Material shown →
..........

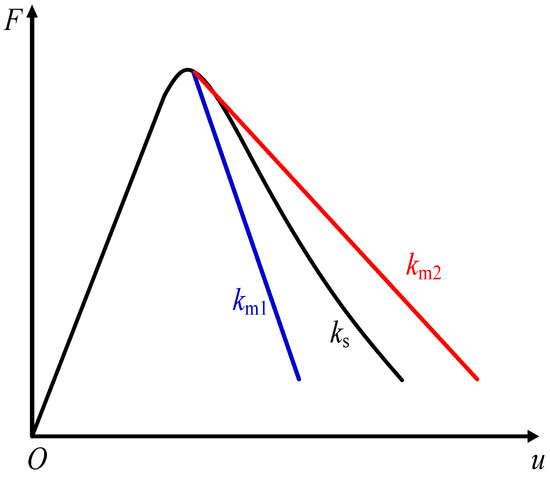 The load–deformation curve during the loading process of the testing machine specimen system is shown in Figure 1. When the specimen is damaged after the peak point, the load of the testing machine and the load of the specimen decrease synchronously, the specimen continues to compress, and the deformation of the testing machine recovers. When the stiffness km1 of the testing machine is greater than the slope ks of the post-peak curve of the specimen, the released elastic strain energy of the testing machine is less than the dissipation energy that causes the fracture of the specimen. In order to fracture the specimen, the testing machine needs to continue to input energy to the specimen. At this moment, the loading process is controllable, and the specimen is statically damaged [24]. When the stiffness km2 of the testing machine is less than the slope ks of the post-peak curve of the specimen, the released elastic strain energy of the testing machine is greater than the dissipation energy that causes the fracture of the specimen, and the residual energy will be converted into kinetic energy of the specimen, thus causing the dynamic failure of the specimen.
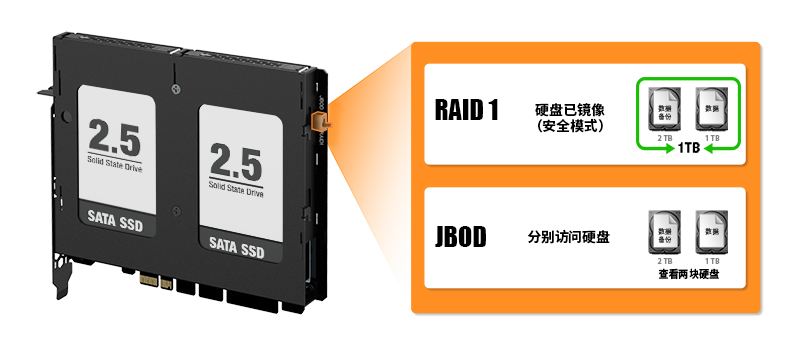 | • | 支持 RAID 1 模式,为关键任务环境提供数据冗余与高可靠性 |
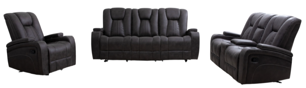 3-Piece Ensemble: 3-Piece Set includes the Marlow Charcoal Manual Reclining Sofa, Marlow Charcoal Manual Reclining Console Loveseat and Marlow Charcoal Manual Recliner. Each item also sold separately.
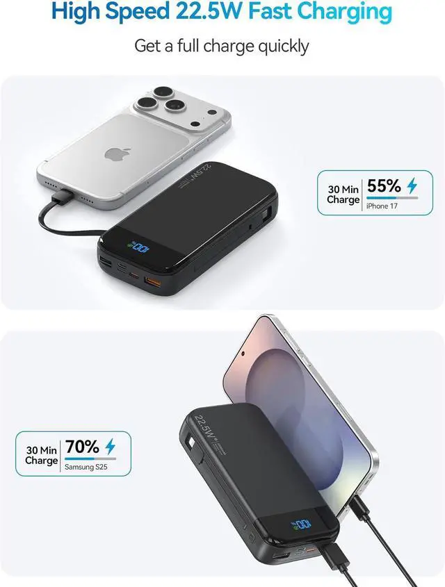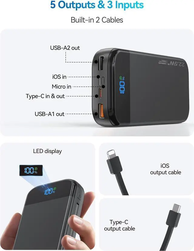 • Portable Charger Power Bank Built-in Cables 32000mAh 22.5W USB C Fast Charging 5 Outputs 3 Inputs Travel Essentials Battery Pack Compatible with iPhone iPad Google Pixel Black
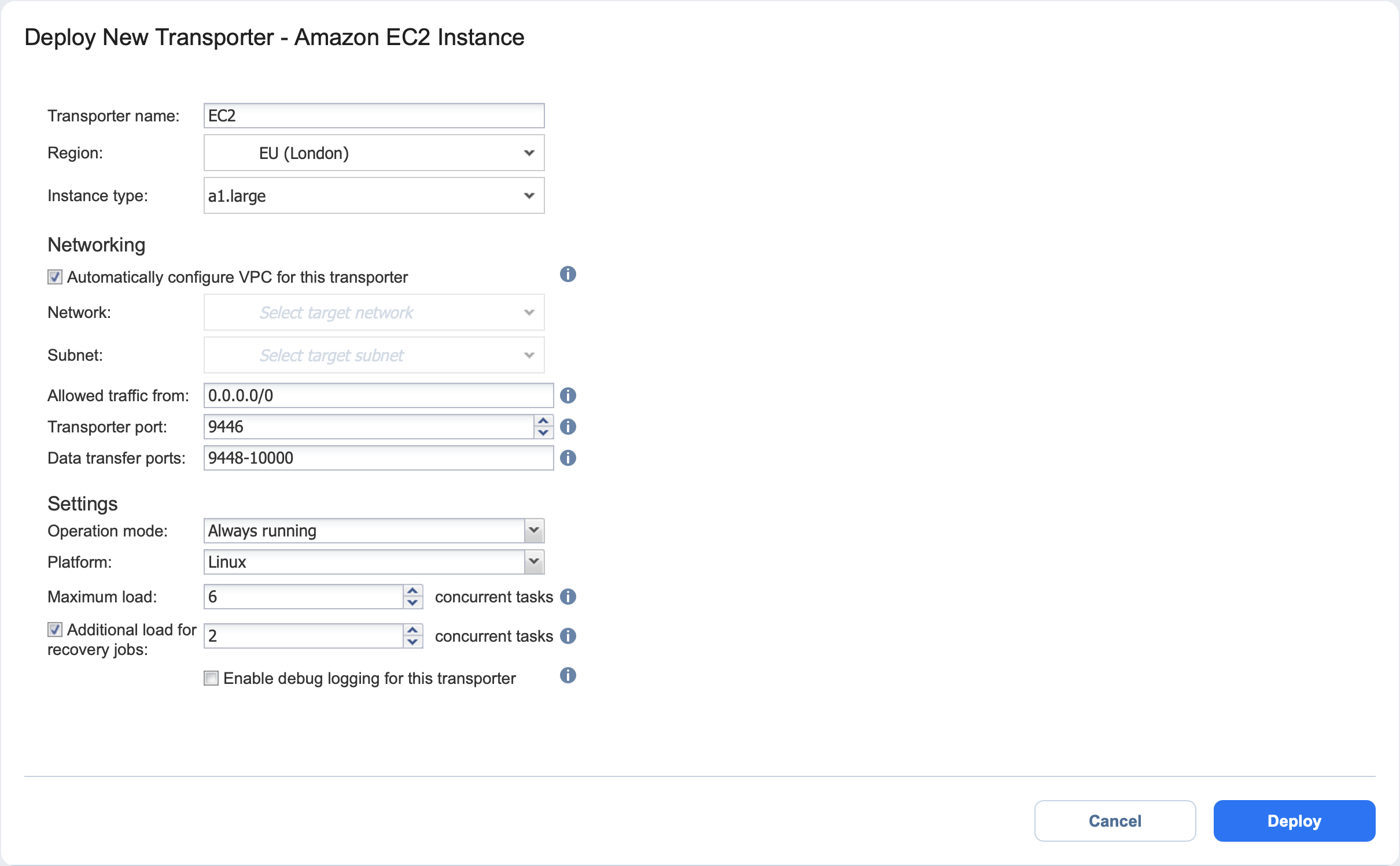 The Deploy New Transporter - Amazon EC2 Instance dialog opens. Fill out the fields as described below:
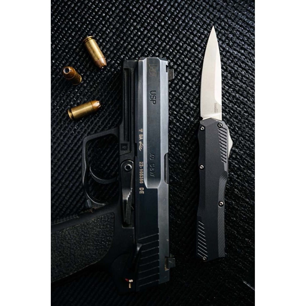 Niewiele noży budzi, aż tyle emocji jak w przypadku modeli automatycznych. Po wielu rygorystycznych testach i mocno zakrojonych badaniach, knifemaker Matt Diskin wraz z firmą Kershaw byli gotowi zaprezentować pierwszy automat OTF. Folder Livewire, wyprodukowany w USA, łączy w sobie nie tylko wysoki poziom wykonania, ale także nowoczesny design i szybkość działania. Posiada ostrze zrobione z amerykańskiej stali proszkowej klasy premium CPM MagnaCut. Zapewnia ona doskonałą równowagę pomiędzy ostrością, wytrzymałością i odpornością na korozję. Wykończenie jej metodą Stonewash pozostawia nieregularną powłokę świetnie maskującą rysy i zadrapania powstające podczas eksploatacji. Głownia typu Spear Point cechuje się bardzo dobrymi zdolnościami penetracyjnymi. Anodowana na czarno aluminiowa rękojeść charakteryzuje się antypoślizgową teksturą, co zwiększa przyczepność do dłoni i poprawia komfort chwytu. Przycisk, z karbowaną fakturą służący do rozkładania narzędzia, pozwala na intuicyjne ułożenie palca oraz gwarantuje niezawodne wysuwanie klingi. Konstrukcję uzupełnia dwupozycyjny klips mocujący do głębokiego przenoszenia foldera w kieszeni spodni. Livewire to idealny wybór dla zaawansowanych użytkowników, dla których jakość i dynamika są na pierwszym miejscu.
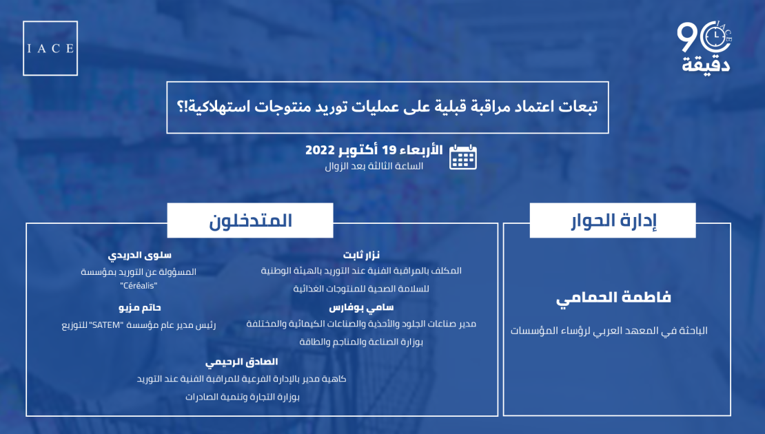 برنامج 90 دقيقة ليوم الأربعاء 19 أكتوبر 2022، بعنوان“تبعات اعتماد مراقبة قبلية على عمليات توريد منتوجات استهلاكية؟!
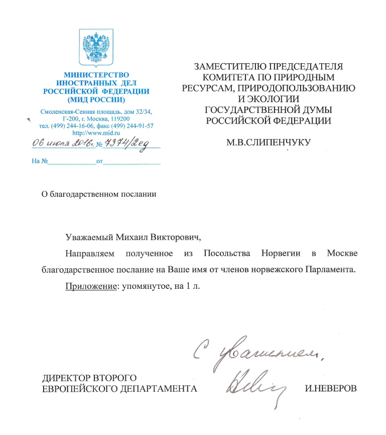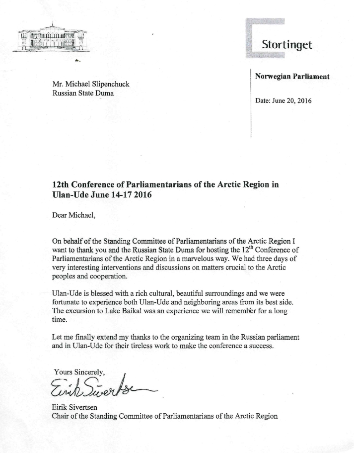 Благодарственное письмо от членов парламента Норвегии за проведение 12-й Конференции парламентариев Арктического региона в Улан-Удэ
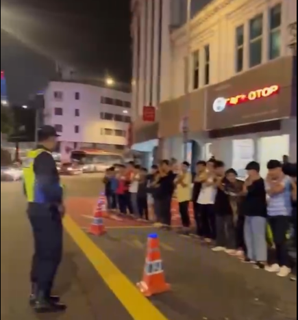 视频显示,这些青少年是昨晚在吉隆坡秋杰地区苏丹阿兹兰沙路迎接2025年元旦前夕设置的路障检查期间,因违反交通规则而受到处罚。
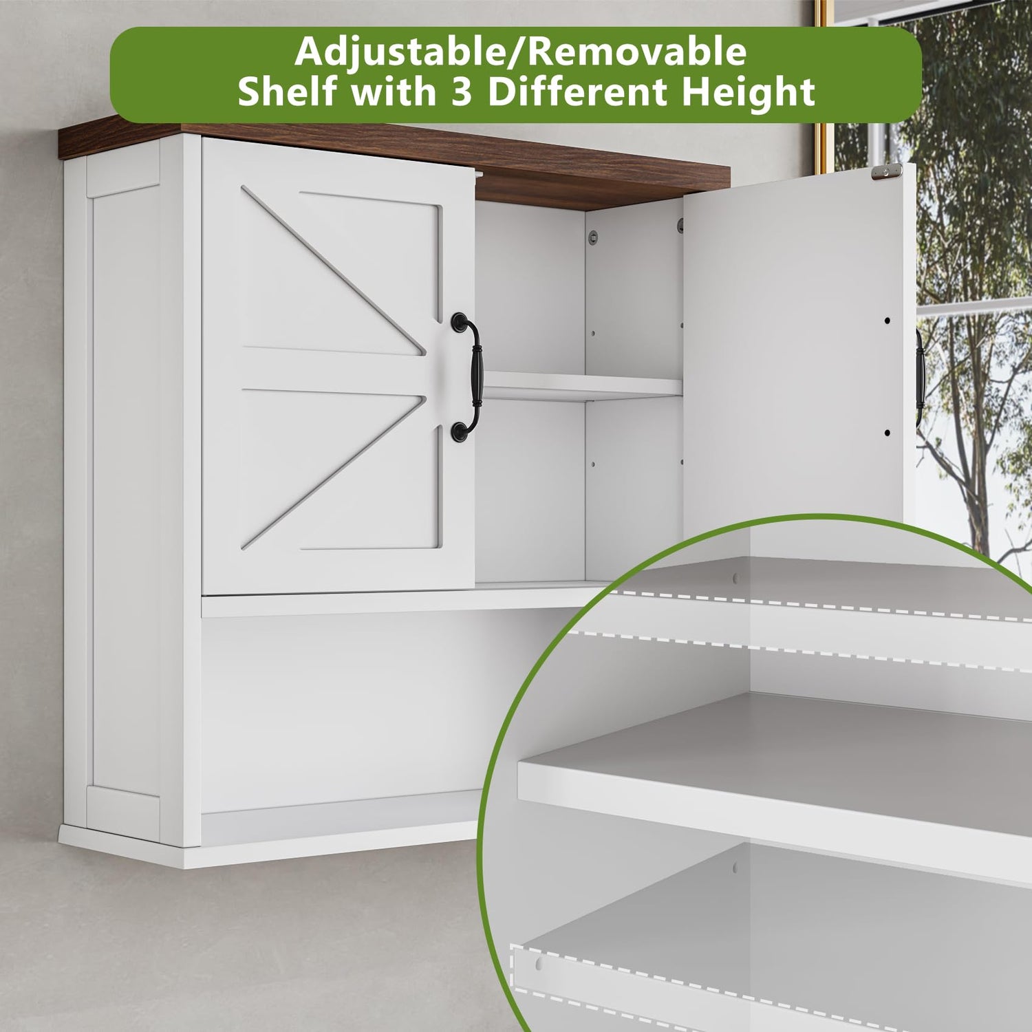 - [Extra Bathroom Wall Storage] This bathroom storage cabinet with 2 barn doors and adjustable shelves, farmhouse style, wall mount profile to fit wall space, provides much extra storage space in your bathroom
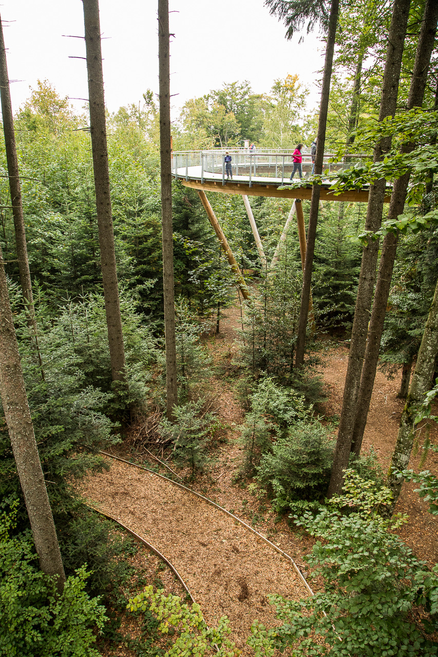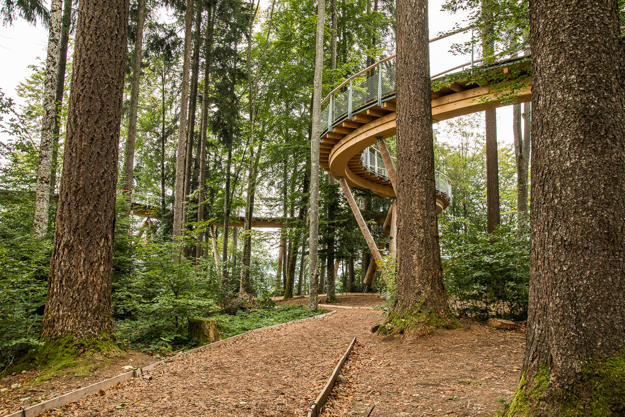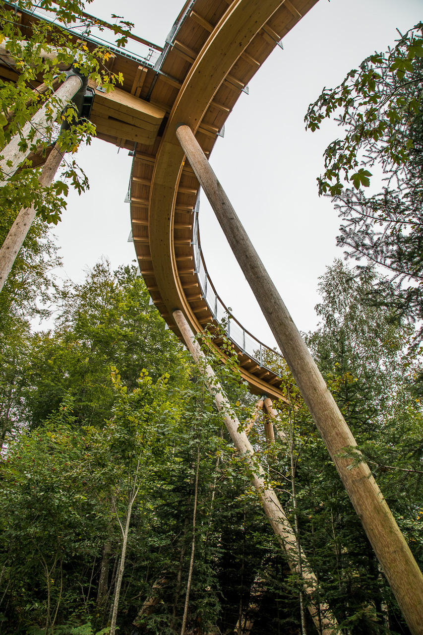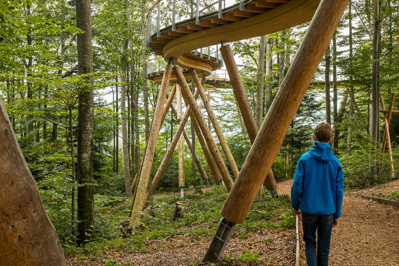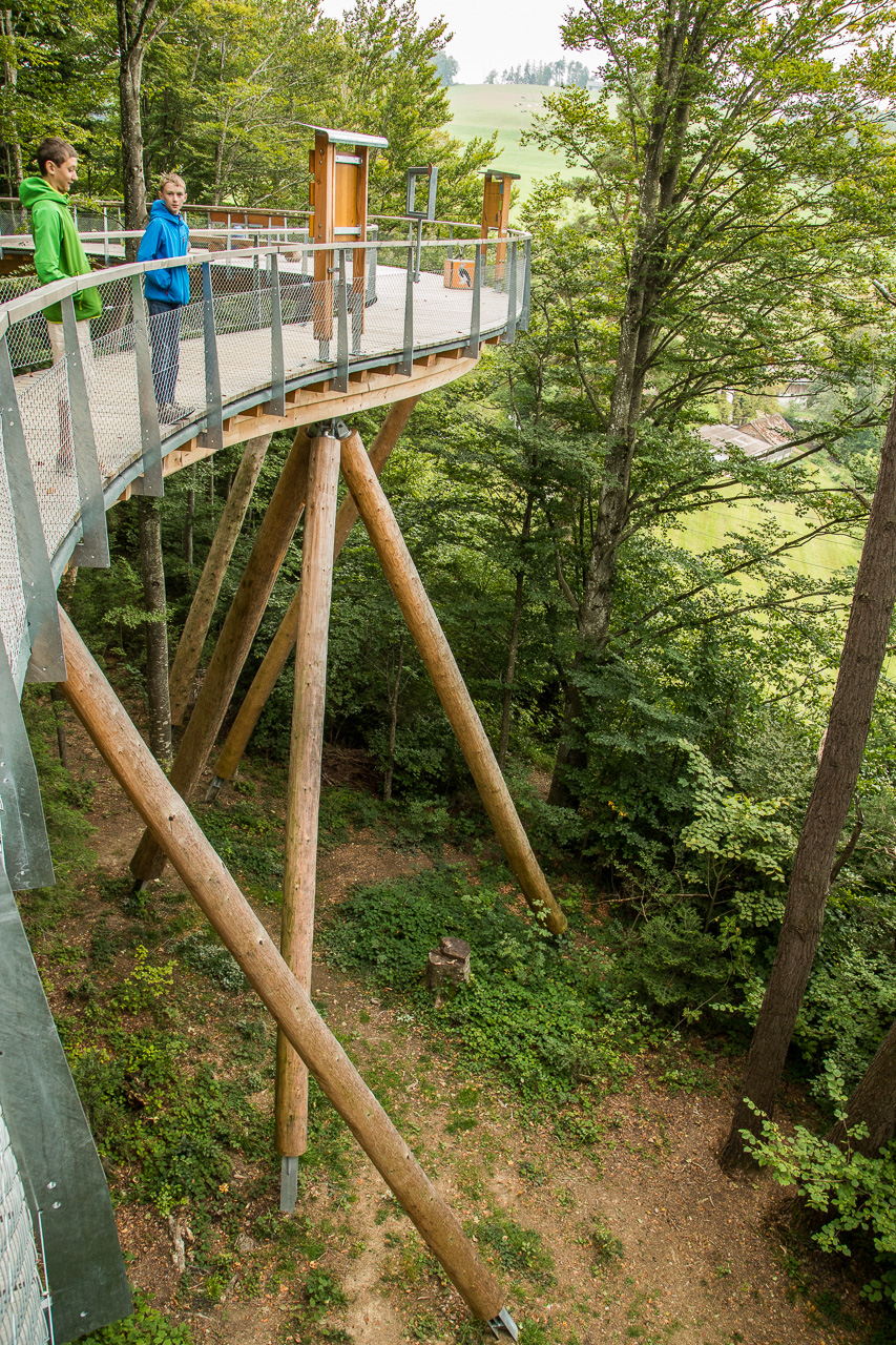 Die nordöstliche Ecke der Schweiz ist auf unserer Landkarte bis jetzt ein weisser Fleck. So sind wir denn auch überrascht, wie hügelig die Gegend hinter dem Zürichsee ist. Rauf, runter, rauf, runter, durch Täler und über Pässe. Zwischendurch zweifeln wir, ob wir noch auf dem richtigen Weg sind. Aber dann finden wir dieses Mogelsberg doch noch, ein kleines Dorf in den Hügeln des Neckertals. Der Baumwipfelpfad scheint ja ein wahrer Publikumsmagnet zu sein, der Parkplatz ist fast voll und Ordnungspersonal weist die Fahrzeuge ein. Positiv ist, dass man nicht direkt vor dem Eingang parkieren kann, sondern zuerst einige hundert Meter gehen muss.

..........

What is needed → Leave out every picture and copy the rest of the records exactly.

Response area →
 The load–deformation curve during the loading process of the testing machine specimen system is shown in Figure 1. When the specimen is damaged after the peak point, the load of the testing machine and the load of the specimen decrease synchronously, the specimen continues to compress, and the deformation of the testing machine recovers. When the stiffness km1 of the testing machine is greater than the slope ks of the post-peak curve of the specimen, the released elastic strain energy of the testing machine is less than the dissipation energy that causes the fracture of the specimen. In order to fracture the specimen, the testing machine needs to continue to input energy to the specimen. At this moment, the loading process is controllable, and the specimen is statically damaged [24]. When the stiffness km2 of the testing machine is less than the slope ks of the post-peak curve of the specimen, the released elastic strain energy of the testing machine is greater than the dissipation energy that causes the fracture of the specimen, and the residual energy will be converted into kinetic energy of the specimen, thus causing the dynamic failure of the specimen.
 | • | 支持 RAID 1 模式,为关键任务环境提供数据冗余与高可靠性 |
 3-Piece Ensemble: 3-Piece Set includes the Marlow Charcoal Manual Reclining Sofa, Marlow Charcoal Manual Reclining Console Loveseat and Marlow Charcoal Manual Recliner. Each item also sold separately.
 • Portable Charger Power Bank Built-in Cables 32000mAh 22.5W USB C Fast Charging 5 Outputs 3 Inputs Travel Essentials Battery Pack Compatible with iPhone iPad Google Pixel Black
 The Deploy New Transporter - Amazon EC2 Instance dialog opens. Fill out the fields as described below:
 Niewiele noży budzi, aż tyle emocji jak w przypadku modeli automatycznych. Po wielu rygorystycznych testach i mocno zakrojonych badaniach, knifemaker Matt Diskin wraz z firmą Kershaw byli gotowi zaprezentować pierwszy automat OTF. Folder Livewire, wyprodukowany w USA, łączy w sobie nie tylko wysoki poziom wykonania, ale także nowoczesny design i szybkość działania. Posiada ostrze zrobione z amerykańskiej stali proszkowej klasy premium CPM MagnaCut. Zapewnia ona doskonałą równowagę pomiędzy ostrością, wytrzymałością i odpornością na korozję. Wykończenie jej metodą Stonewash pozostawia nieregularną powłokę świetnie maskującą rysy i zadrapania powstające podczas eksploatacji. Głownia typu Spear Point cechuje się bardzo dobrymi zdolnościami penetracyjnymi. Anodowana na czarno aluminiowa rękojeść charakteryzuje się antypoślizgową teksturą, co zwiększa przyczepność do dłoni i poprawia komfort chwytu. Przycisk, z karbowaną fakturą służący do rozkładania narzędzia, pozwala na intuicyjne ułożenie palca oraz gwarantuje niezawodne wysuwanie klingi. Konstrukcję uzupełnia dwupozycyjny klips mocujący do głębokiego przenoszenia foldera w kieszeni spodni. Livewire to idealny wybór dla zaawansowanych użytkowników, dla których jakość i dynamika są na pierwszym miejscu.
 برنامج 90 دقيقة ليوم الأربعاء 19 أكتوبر 2022، بعنوان“تبعات اعتماد مراقبة قبلية على عمليات توريد منتوجات استهلاكية؟!
 Благодарственное письмо от членов парламента Норвегии за проведение 12-й Конференции парламентариев Арктического региона в Улан-Удэ
 视频显示,这些青少年是昨晚在吉隆坡秋杰地区苏丹阿兹兰沙路迎接2025年元旦前夕设置的路障检查期间,因违反交通规则而受到处罚。
 - [Extra Bathroom Wall Storage] This bathroom storage cabinet with 2 barn doors and adjustable shelves, farmhouse style, wall mount profile to fit wall space, provides much extra storage space in your bathroom
 Die nordöstliche Ecke der Schweiz ist auf unserer Landkarte bis jetzt ein weisser Fleck. So sind wir denn auch überrascht, wie hügelig die Gegend hinter dem Zürichsee ist. Rauf, runter, rauf, runter, durch Täler und über Pässe. Zwischendurch zweifeln wir, ob wir noch auf dem richtigen Weg sind. Aber dann finden wir dieses Mogelsberg doch noch, ein kleines Dorf in den Hügeln des Neckertals. Der Baumwipfelpfad scheint ja ein wahrer Publikumsmagnet zu sein, der Parkplatz ist fast voll und Ordnungspersonal weist die Fahrzeuge ein. Positiv ist, dass man nicht direkt vor dem Eingang parkieren kann, sondern zuerst einige hundert Meter gehen muss.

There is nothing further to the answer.